Scientists at Harvard University have created a colony of robots that mimic self-organized systems in nature. Their 1,000 robots — dubbed collectively as the “kilobot” — is the largest self-organizing group of robots ever created. Previously, researchers had only used up to 100. This was accomplished by simplifying the designs of the robots to include only their essential qualities. Navigating together on three stick-legs with two vibrating motors, the individual machines communicate with each other via infrared light, LEDs in changing colors and ambient light censors. ArsTechnica explains:
No GPS-like system was available for them to know their location in the environment. Instead, robots had to form a virtual coordinate system using communication with, and measured distances to, neighbors. Manual manipulations of individual robots had to be minimal; imagine pressing the “on/off” button on 1,024 robots. The robots also needed to be easy to charge and reprogram. Charging was initiated by sandwiching all the robots between two conductive surfaces. Reprogramming was done wirelessly through an overhead controller that would send information to all robots about experiments to run.

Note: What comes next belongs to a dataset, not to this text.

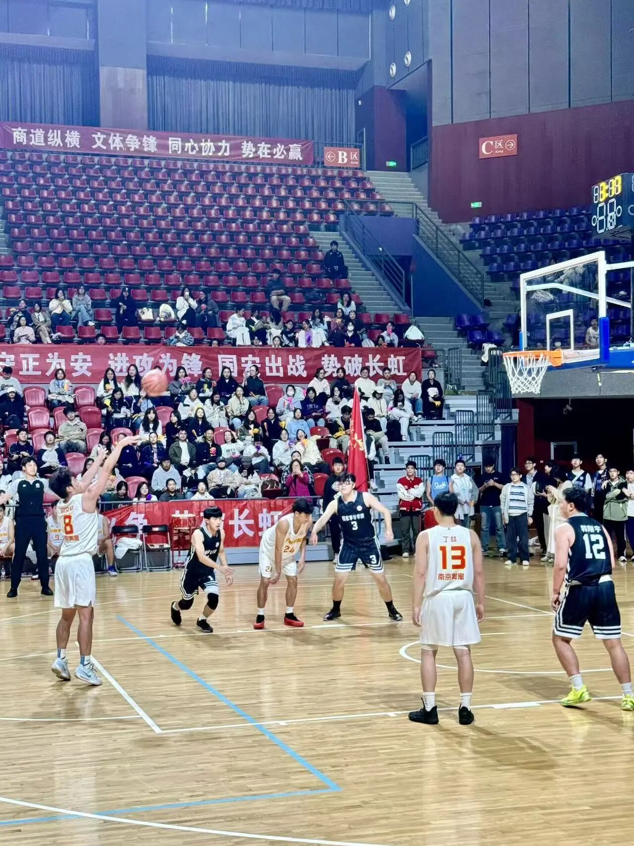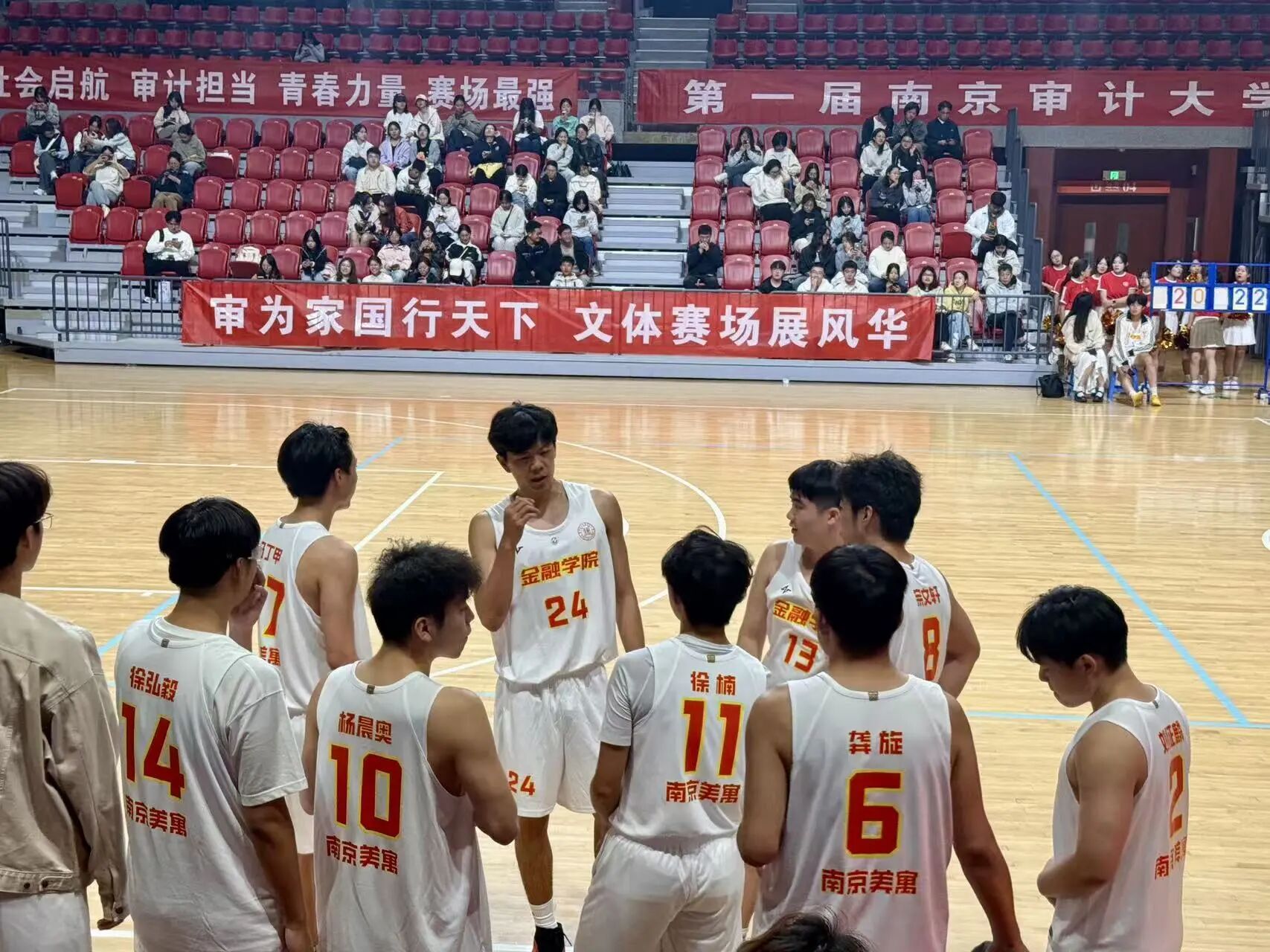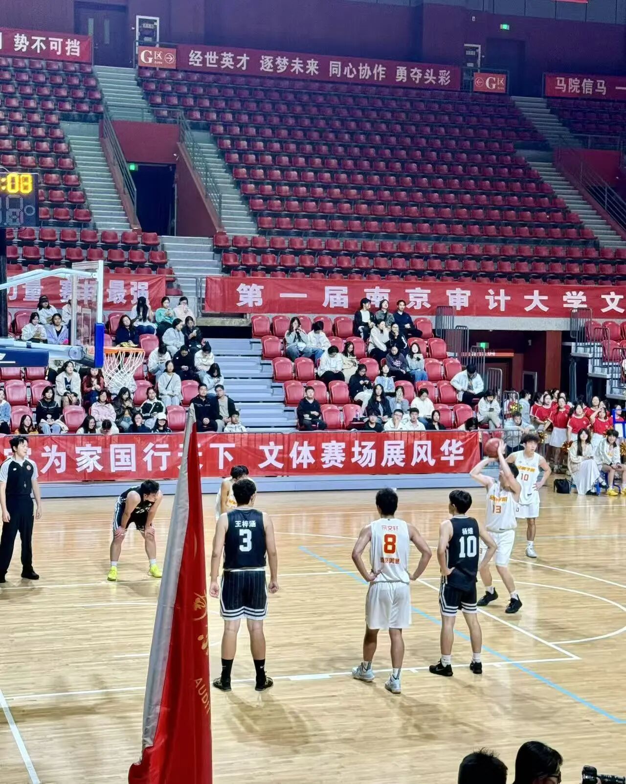 10月19日,在万众瞩目的首届南京审计大学文体联赛(篮球赛)上,白菜论坛 的两支队伍——教工校友队与学生队,共同为我们上演了精彩绝伦的赛场风采。

Only very limited “seed robots” are used to send messages to the majority of the rest. The seed bots give the others coordinates which indicate how far they are from where they need to be. Then, they form an edge and follow it, layering themselves to create the final shape.
A method for avoiding accidents was programmed into the algorithm, allowing the robots to rely issues to each other. The algorithm also allowed for some flexibility, so the swarm wouldn’t get caught up if one robot didn’t end up in the exact right placement. Using these techniques, the kilobot formed itself into shapes like a starfish and the letter “K.”